Sunday, July 11, 2010

JANIS JOPLIN COMES HOME



Janis Joplin was a wild woman with a big heart and a big voice. In the parlance of the day, she let her freak flag fly. Larger than life, like a cross between Annie Oakley and Bessie Smith, she sang as if her life depended on it. Maybe it did. She acted tough, like she didn't care what anyone thought, but you can tell she sings the blues from experience. Back then, she was a crazy hippie freak and the squares didn't know what to make of her. Even Dick Cavett, probably the most intellectual of the talk show hosts, boasting a Yale education and liberal politics, has a hard time with Janis. She comes out like gangbusters in boots and scarves and feather boas, the last of the red hot mamas, and Cavett mistakenly thinks he can play her for laughs. She wins him over, as she wins us, with genuine warmth. And when she sings, forget about it it. You'd better feel it or you're a couple quarts low on soul. No doubt some slick producers might have thought, Well, this chick has talent if she only reigned it in a little, smoothed out her rough edges and acted a little more ladylike--but that would be missing the point. She was rough as a catfight in a barrelhouse and sweet as Tupelo honey. She could break your heart while she called you on your dirty lowdown ways.

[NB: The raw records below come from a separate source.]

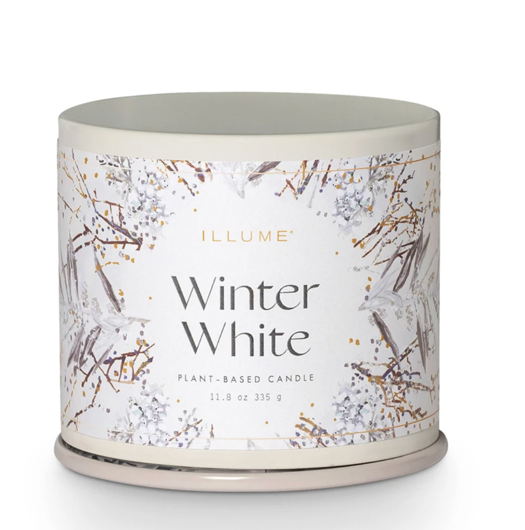 Designed as a pop of pattern, our vanity tins have a full wrap label on textured stock, interior pattern with metallic details, and a color rolled edge to complement the colored wax.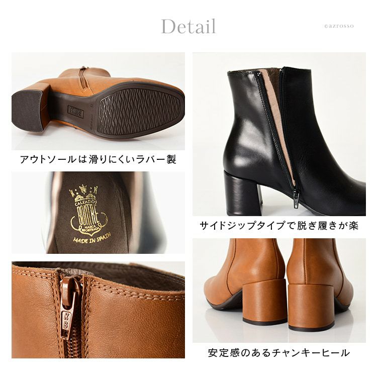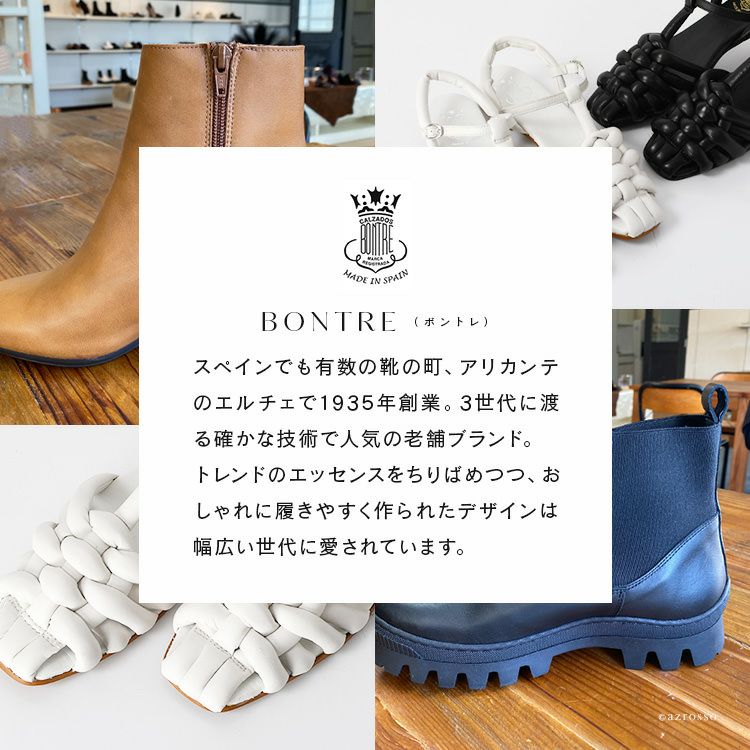 疲れ知らずのコンフォートなスクエアトゥショートブーツがスペイン老舗ブランド BONTRE(ボントレ)から入荷。美脚と安定感を実現する6cm太ヒール(チャンキーヒール)のレザーブーツ 長時間歩いても疲れない ショートブーツ コンフォート 歩きやすい 太ヒール 6cm スクエアトゥ サイドジップ 本革 スペイン製 ブランド ボントレ BONTRE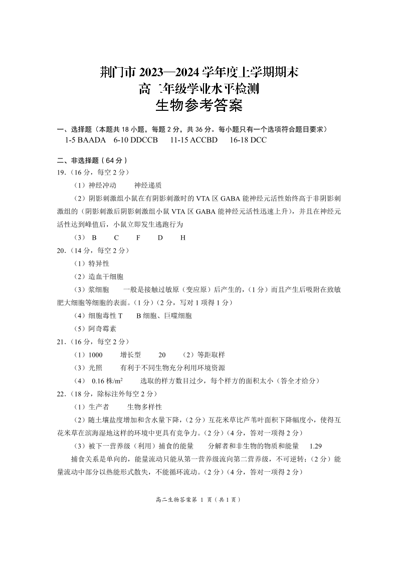 湖北省荆门市2023-2024学年度上学期期末高二年级学业水平检测生物答案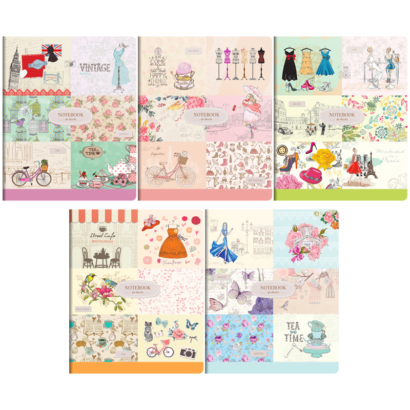 Тетрадь 96л., А5, клетка "Винтаж. Модный коллаж", ВД-лак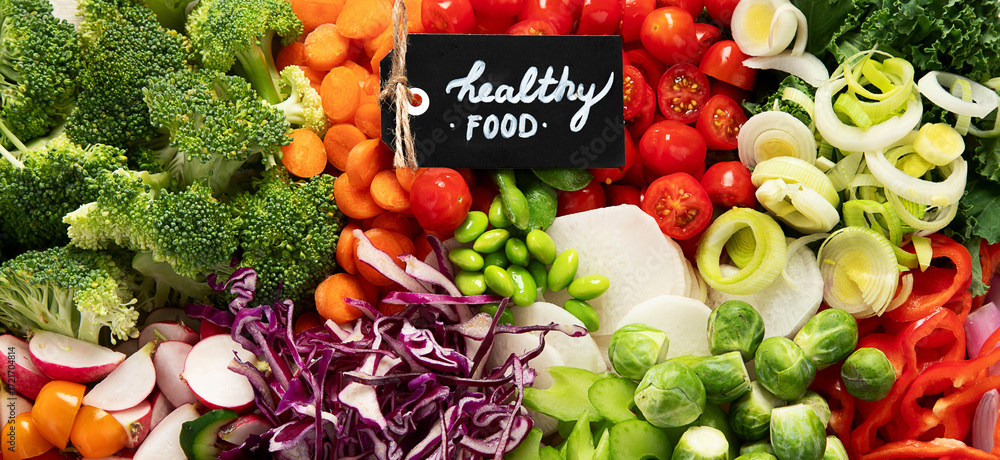 Healthy vegetarian food background. Sliced fresh vegetables.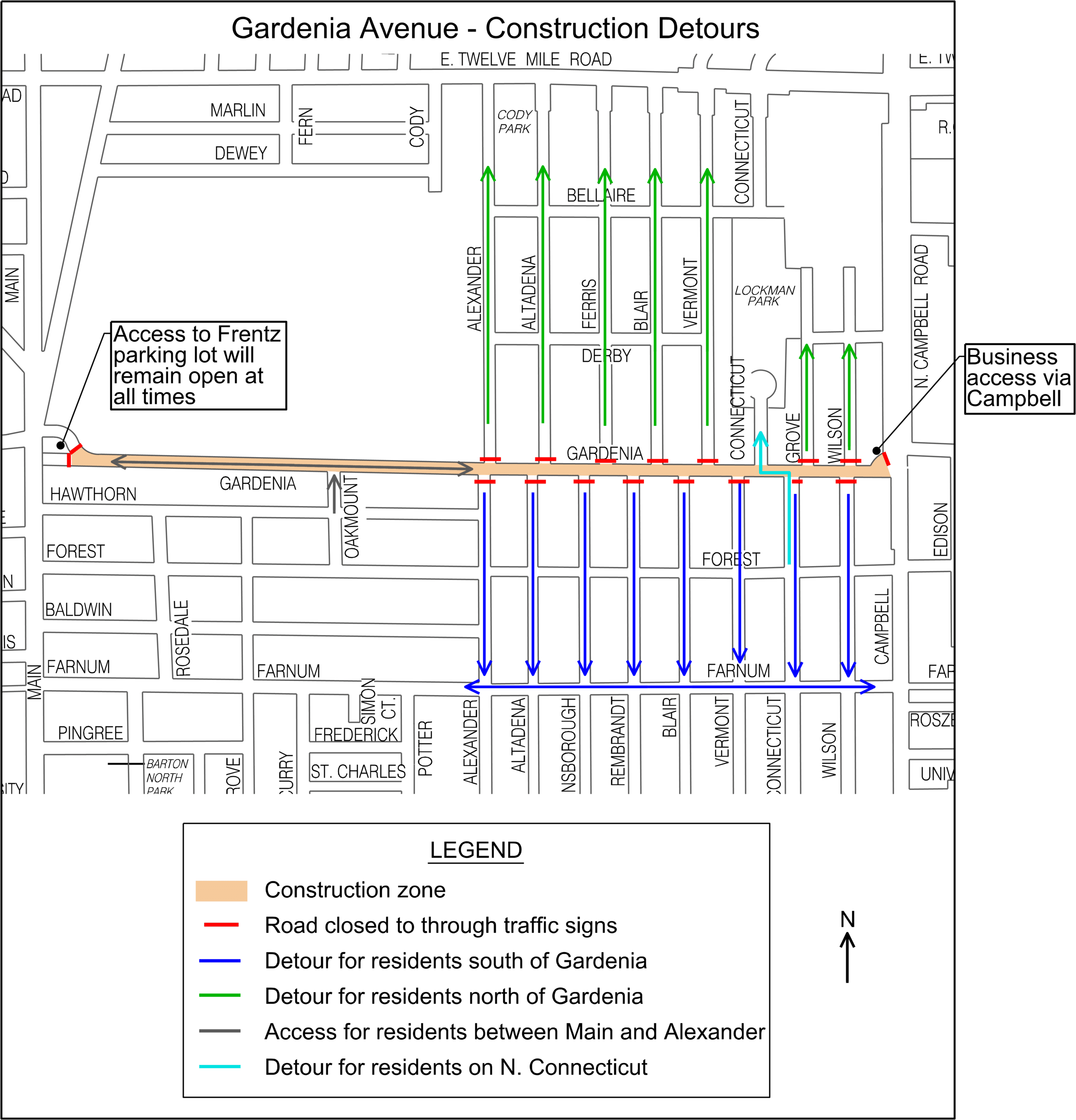 The city will be resurfacing Gardenia Avenue from just east of Main Street (east of Frentz & Sons Hardware) to Campbell Road. Construction is scheduled to be completed by mid-October 2018. The city has closed Gardenia Avenue to thru-traffic and is prohibiting side street traffic from entering Gardenia between Main Street and Campbell Road as shown on the map below.

Nowadays, in this age of rehab and self-help, folks will remember Janis as a sixties icons who died--like so many of them--from her excesses, her addictions, more of a cautionary tale than real person, but that's simplifying Janis, and she was anything but simple. She was real, all right--so real she demanded you become real, too, and meet her halfway, at least, in that place beyond Hollywood plastic and pop entertainment with its cookie cutter sentiment. That's too much to ask of some people. When she talks about returning to her hometown for her high school reunion she's not just making clever chit chat for a talk show. It's an amazing moment. Watching these clips make me miss Janis and what she brought to the party--if she were here she'd probably laugh and say don't get so serious, honey, have a swig of Southern Comfort and let's get this party started.